Blog #30

Well, more review I guess…let’s go over concavity and the 2nd Derivative Test.

Okay, concavity. To test concavity, you use the same steps as the first derivative test, but with the 2nd derivative. To review, here are the steps:
1. Take the 2nd derivative.
2. Set it equal to 0.
3. Solve for x.
4. Check differentiability.
5. Set up intervals.
6. Pick numbers on the intervals and plug them into the 2nd derivative.
7. If you get a positive number, it is concave up. If you get a negative number it is concave down.
8. If there is a change (like from positive to negative or vice versa), it is a point of inflection.

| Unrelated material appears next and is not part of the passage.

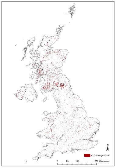 The total area of land cover/land use changes between 2012 and 2018 amount to 290,368 ha, which corresponds to 1.16% of the total land area of the UK. Most of the changes occurred around the English–Scottish border, the southwest of Scotland and in Wales, and are predominantly related to forest management, i.e., clear-cutting and replanting of coniferous woodland. The spatial distribution of changes between 2012 and 2018 is similar to those detected from 2006 to 2012. The amount and the spatial distribution of changes between CLC classes are shown in Figure 4.

Ex. 1) Determine the open intervals on which the graph f(x) = -x^3 + 6x^2 – 9x – 1 is concave up or down.
f’(x) = -3x^2 + 12x – 9
f’’(x) = -6x + 12
-6x + 12 = 0
-6x = -12
x = 2
It is differentiable.
(-infinity, 2) u (2, infinity)
f’’(1) = positive #
f’’(3) = negative #
concave up: (-infinity, 2)
concave down: (2, infinity)
*Note that the question does not ask for the point of inflection, but if it did, you would say: At x = 2 there is a point of inflection.

Now, the 2nd Derivative Test. It is simply a shortcut for the 1st Derivative Test. Also, this test does not always work. If for step 7 you get a 0, the test fails. If that ever happens, you must use the 1st Derivative Test. Anyway, the steps are:
1. Take the 1st derivative.
2. Set it equal to 0.
3. Solve for x.
4. Check differentiability.
5. Take the 2nd derivative.
6. Plug in your critical points (your x-values) into the 2nd derivative.
7. If you get a positive number, it is a min. If you get a negative number, it is a max.

Ex. 2) Use the 2nd Derivative Test to find the relative extrema of f(x) = x^3 – 3x^2 + 3.
f’(x) = 3x^2 – 6x
3x^2 – 6x = 0
3x(x – 2) = 0
x = 0, 2
f’’(x) = 6x – 6
6(0) – 6 = negative #
6(2) – 6 = positive #
x = 0 is a max
x = 2 is a min